The aims of the demonstration project include defining a hydrogen quality standard and developing and trialling hydrogen fuelled appliances for homes and businesses.
The department has launched a £5 million tender to find a contractor to manage the programme, which will run from 2017 to 2020.
The tender notice states that the programme will “serve to support and inform future policy appraisal in government and to inform the development of policies and measures to meet UK carbon budgets.”
The announcement follows the publication of report commissioned by BEIS, which found that the development of domestic hydrogen appliances needs a “strong policy direction” from government.
Four out of five households in Britain currently rely on natural gas to keep warm and cook dinner, and the burning of fossil fuels for heating accounted for 17 per cent of the UK’s emissions in 2015, according to the Committee on Climate Change.
The climate watchdog warned last year that the country could not continue to rely on the power sector to meet emissions reduction targets, and that progress on heating has “stalled” due a gap in policy.
Among other things, it urged the government to begin large-scale pilots looking at the potential for hydrogen to provide low-carbon heating. This, it hoped, would enable ministers to decide on a long-term strategy for heating by the middle of the next decade.
The combustion of hydrogen produces just heat and water, meaning the gas has zero carbon emissions at the point of use. However, concerns have been raised over how to source sufficent quantities in a way which is both low-carbon and cost-effective.
Renewables can be used to create hydrogen by passing the electricity they generate through water but the process – known as electrolysis – is energy intensive – with a ’round-trip’ efficiency of just 30 to 40 per cent according to the US-based Energy Storage Association. This can also make it expensive to produce.

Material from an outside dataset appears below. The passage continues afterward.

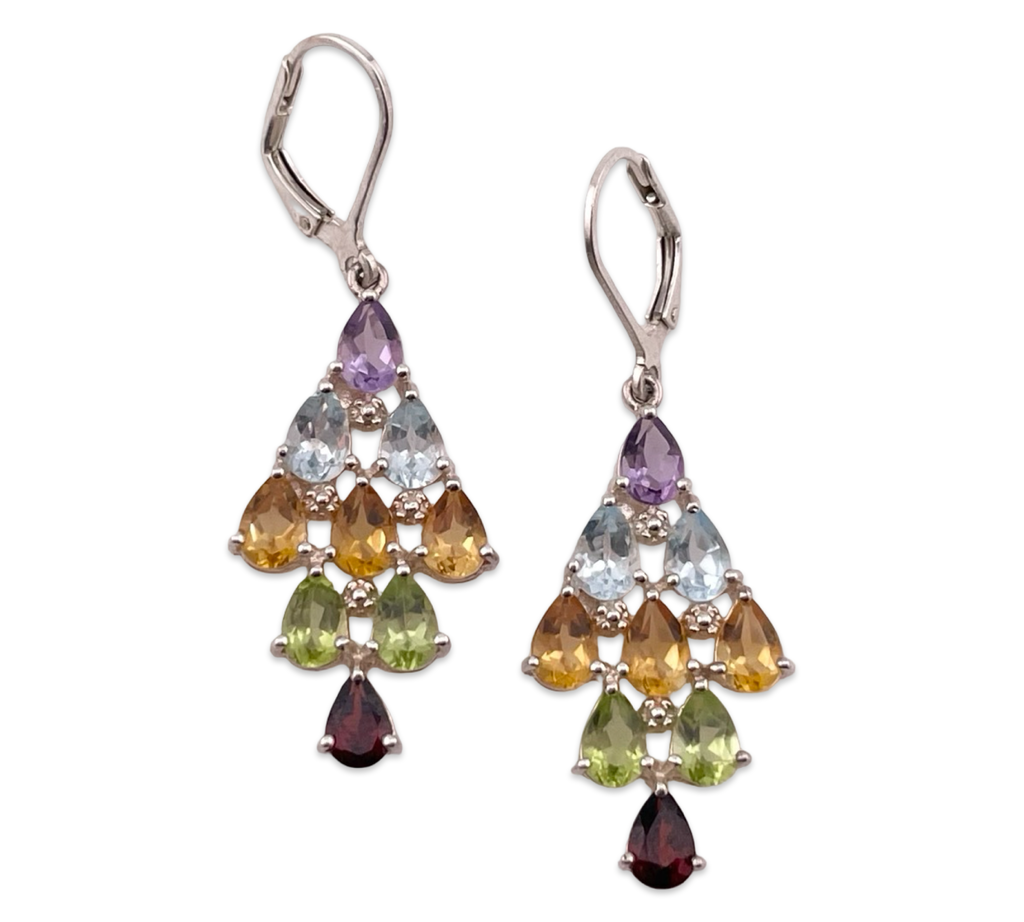 sterling silver colorful multi-gemstone dangle earrings

Sourcing large voumes of hydrogen in this way would require lots of additional generation and a 2016 report by KPMG concluded that electrolysis could be not be used to produce the fuel in sufficient quantities to enable the conversion of the UK’s gas grids any time soon.
Low-carbon hydrogen can also be produced from methane with the aid of carbon, capture and storage (CCS) but there are similarly concerns over the cost of CCS and progress to develop the technology has slowed to a crawl after the government cancelled a commercialisation competition towards the end of 2015.
A project led by Northern Gas Networks nevertheless concluded that converting the UK’s gas grid to run completely on hydrogen would be “technically possible and economically viable” and that doing so would reduce emissions from heating by at least 73 per cent.
As the first step towards a nationwide rollout, the final report outlined plans to convert gas grids in Leed to run on hydrogen supplied by CCS-enabled steam methane reformers in the Teesside area.